Mandato professionale
Accolgo le osservazioni degli operatori sulla carenza di personale che rende difficile la sorveglianza nonchè il tempo necessario per seguire dal punto di vista relazionale le esigenze di Rosa e di altri come lei. Allo stesso tempo penso sia necessario organizzare un focus formativo agli operatori, motivandone le capacità ma orientando le azioni solo sull’interesse centrato sulla persona, non “ingestibile”, ma assolutamente autodeterminata.
Conoscendo le giornate di Rosa
All’ospedale invio la nostra relazione dell’accaduto e di tutto il percorso fatto con Rosa, chiedendo la sospensione del giudizio su un operato non conosciuto. Anche questo cozza con l’evidente lacuna che ho riscontrato nel comportamento degli operatori e il loro voler determinare, gestire, Rosa.
Scopriamo insieme che: al mattino Rosa veniva svegliata presto per la pulizia della stanza e restava nervosa per tutto il giorno. Veniva spinta a pranzare velocemente, quando invece era possibile lasciarle uno spazio per terminare il pasto nei suoi tempi. Ultimamente veniva aiutata nell’igiene personale, che era in grado di svolgere da sola, seppur con risultati meno evidenti!

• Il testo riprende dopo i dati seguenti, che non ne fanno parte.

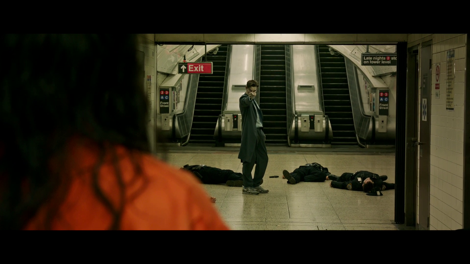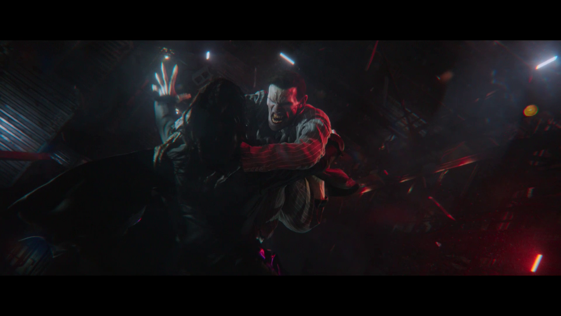 This is the best stretch of the movie by far, starting with the nurse kill and going through what happens next, which is that Morbs figures out the play and instead of coming up with a clever plan to sneak out of jail or counter-ruse Milo, he simply smashes his way through the barred window and flies out into the night, flexing his own vampire superpowers. Milo, who is expecting Morbs to do this, has been marking time by killing a newspaper vendor who he baited into saying something vampire-phobic to him, as you do. They face off, do the requisite, “But I was your brother!” bickering, then head into the subway for the best scene of the movie, a slugfest where both guys are basically just Superman-type “they’re really strong, they can jump a lot, they’re tough, they punch real hard” bruisers but everything has Vampire Seasoning sprinkled over it: Lots of threatening purple auras and echo-location CGI and weird eyes and teeth and claws. Milo kills a bunch of transit cops. It’s pretty solid stuff! If you wanted to see what combat Disciplines from the World of Darkness tabletop game Vampire: The Requiem looked like done up with a full budget, this movie’s got Celerity, Vigor, Resilience, Protean, Auspex, and by the end Animalism all on full display -- for this scene, the final fight, and maybe one or two other brief spots. The rest of it is a lot of Jared Leto trying to carry scenes.
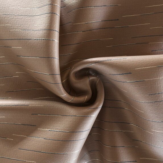 MATO entfaltet seinen Reiz in feinen Nuancen. Auf einem zart schimmernden Fond zeichnen sich horizontale Linien ab, die wie ein feines Netz über die Oberfläche gelegt sind und das Farbspiel dezent akzentuieren. Der Untergrund lebt vom leichten Glanz des flottierend aufliegenden Webgarns, das eine lebendige Wellentextur auf der Oberfläche bildet. Jede Bewegung, jeder Lichtwechsel offenbart neue Facetten des feinfädigen Jacquardgewebes und intensiviert die Wirkung der 14 eleganten Kolorits. Minimalismus wird hier zur sinnlichen Erfahrung – ein Stoff für Kenner, die Wert auf feine Details und raffinierte Materialität legen.
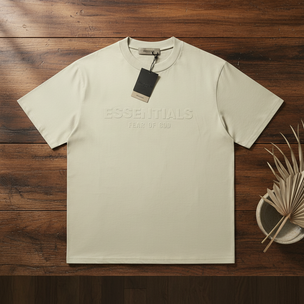 ESSENTIALS 23SS Light Beige Flocked T-Shirt – Unisex Oversized Fit
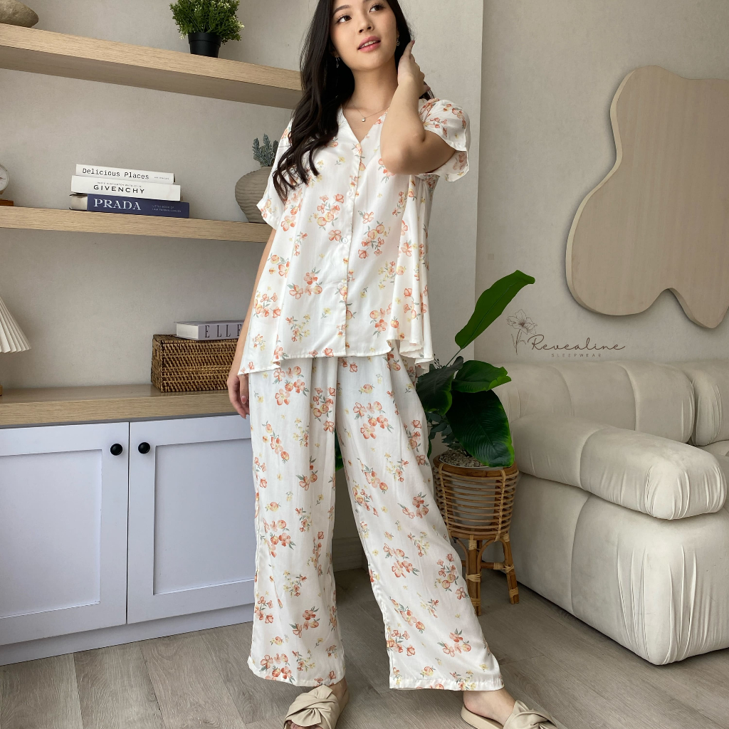 ALURA - Set Piyama Lengan Pendek Celana Panjang Premium Wanita|Baju Tidur Rayon Busui Bumil Friendly
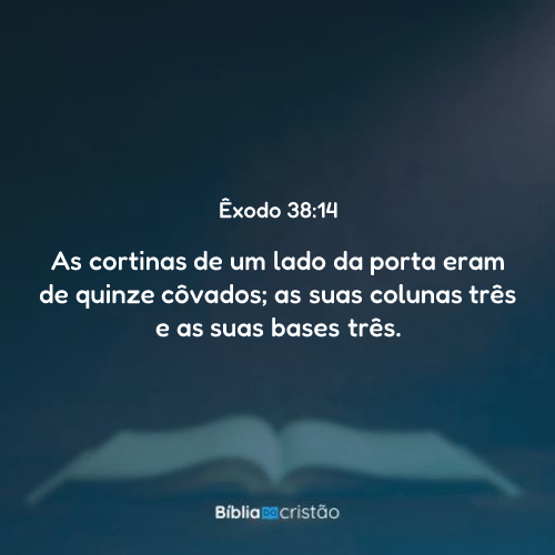 As cortinas de um lado da porta eram de quinze côvados; as suas colunas três e as suas bases três.
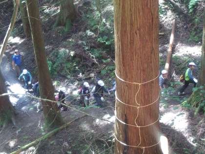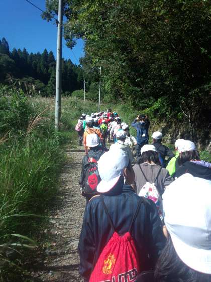みんな元気に山に登っています。いくつかある関門もなんとか全員クリアー。険しいところもありますが,みんなで励ましあって登っています。

Scopriamo che le luci in camera di Rosa sono molto soffuse e la tapparella funziona male: ci confrontiamo sul tema della bellezza che deve fare da cornice alle nostre giornate e alle nostrestanze di RSA. Ogni azione intrapresa è condivisa con Rosa, che, come mille altri non tollera il numerino sulle sue camicette a Fiori, le porte chiuse, i divieti incomprensibili.
Scegliere come se fossimo Rosa, per imparare tutti
Alla fine scelgo di non scegliere. Scelgo Rosa, mi chiedo io cosa vorrei al posto suo. Ogni giorno diventerà una scoperta in più su quello che tutti noi – dalla pulizia della sua stanza calibrando gli orari a seconda dei suoi ritmi e non viceversa, fino alla somministrazione della terapia – scopriremo di lei. E capiremo anche se quella casa lei se la sente casa, o solo un posto dove vivere.
Immersa tra tutte le sfaccettature del ruolo complesso che ricopro, mi soffermo sulla persona, sulla storia. Somministrare la terapia dopo pranzo, anziché durante il pasto, le permetteva un sonnellino riparatore che copriva il delicato momento del passaggio consegne. Mangiare da sola, lavarsi da sola, la rendeva più felice. Rosa da piccola amava intrecciare margherite: organizziamo un appuntamento pomeridiano di raccolta fiori all’esterno, da sola, in sicurezza.
E se Rosa “fuggirà” di nuovo, stavolta avrà scarpe adatte, e la consapevolezza di ognuno di noi.